__Your assignment__: Below are the records; repeat exactly their lines between the line holding "Hellyttävän söpö Retro" and the line holding "チェック柄 レディース おしゃれ", inclusive, skipping the pictures.

__Exercise inputs__:
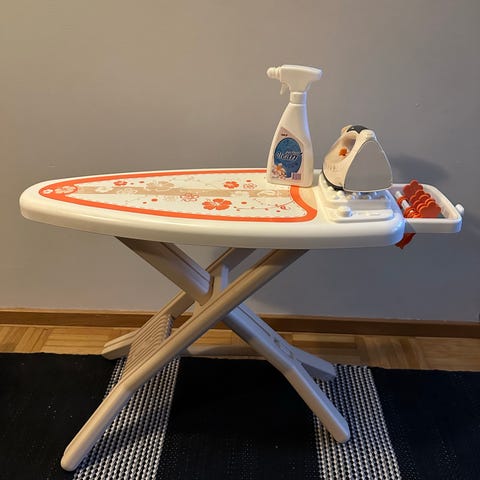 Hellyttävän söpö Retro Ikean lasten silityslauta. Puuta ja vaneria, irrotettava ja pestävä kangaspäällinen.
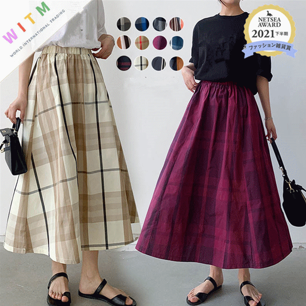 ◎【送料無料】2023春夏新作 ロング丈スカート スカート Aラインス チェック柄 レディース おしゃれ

==

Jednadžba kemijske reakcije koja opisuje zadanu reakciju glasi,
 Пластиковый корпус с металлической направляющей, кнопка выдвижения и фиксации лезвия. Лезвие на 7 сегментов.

* * *

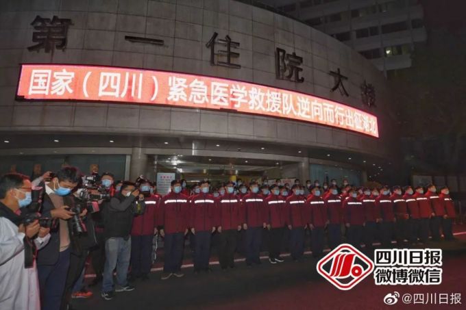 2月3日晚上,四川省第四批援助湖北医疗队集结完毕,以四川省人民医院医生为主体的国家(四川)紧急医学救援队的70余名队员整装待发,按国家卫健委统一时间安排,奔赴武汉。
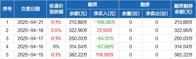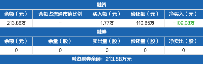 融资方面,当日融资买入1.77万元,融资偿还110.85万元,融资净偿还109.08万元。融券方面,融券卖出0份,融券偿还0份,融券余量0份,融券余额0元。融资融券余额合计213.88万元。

__Solution for this exercise__:
 Hellyttävän söpö Retro Ikean lasten silityslauta. Puuta ja vaneria, irrotettava ja pestävä kangaspäällinen.
 ◎【送料無料】2023春夏新作 ロング丈スカート スカート Aラインス チェック柄 レディース おしゃれ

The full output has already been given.